Monday, May 18, 2026

logistics

  • HW 4 out — HMDA Kaggle challenge, due Mon May 25
  • Quiz 7 Wed May 20 — PCA + clustering
  • project midterm returned this week

the brief

Pacers front office

goal: sign a wing who can space the floor and attack closeouts

the five-position label is no help — Curry and Westbrook are both “point guards” and play nothing alike

what is the real taxonomy of NBA players in 2024?

today

  • k-means — assign, recompute, repeat
  • choosing k, checking stability — what the standard tools tell you (and what they don’t)
  • your features pick your clusters — and that’s the whole game
  • four published case studies — when clustering works and when it doesn’t

bridge from PCA

PCA k-means
structure found directions of variance groups of rows
representation continuous (low-dim coords) discrete (one label per row)
standardize first yes — distances depend on units yes — same reason
labels needed no no

both are unsupervised. PCA compresses; k-means partitions.

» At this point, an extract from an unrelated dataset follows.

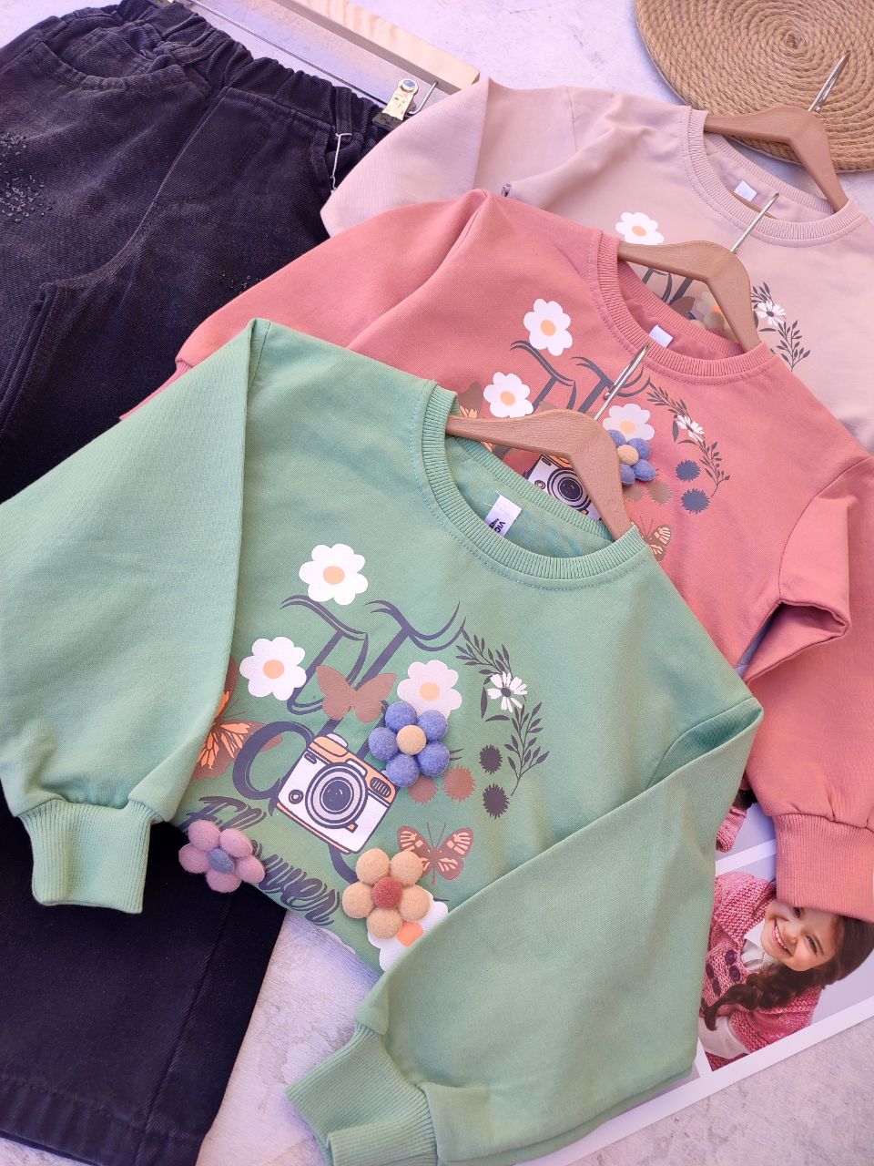 بلوز تک دخترانه گل برجسته سایز ۴۰ تا ۶۵

317 players, five court zones

the data

shot-attempt counts from the 2023-24 NBA regular season

filter to players with ≥ 200 FGA → 317 players

for each player, the share of attempts in five court zones:

  • RA — restricted area (right at the rim)
  • PAINT — non-restricted paint
  • MID — midrange
  • C3 — corner three
  • ATB3 — above-the-break three

the five shares sum to 1 — a shot-mix fingerprint

what does “similar” mean?

before any algorithm runs, we commit to a notion of distance

Euclidean distance (on standardized shot mix)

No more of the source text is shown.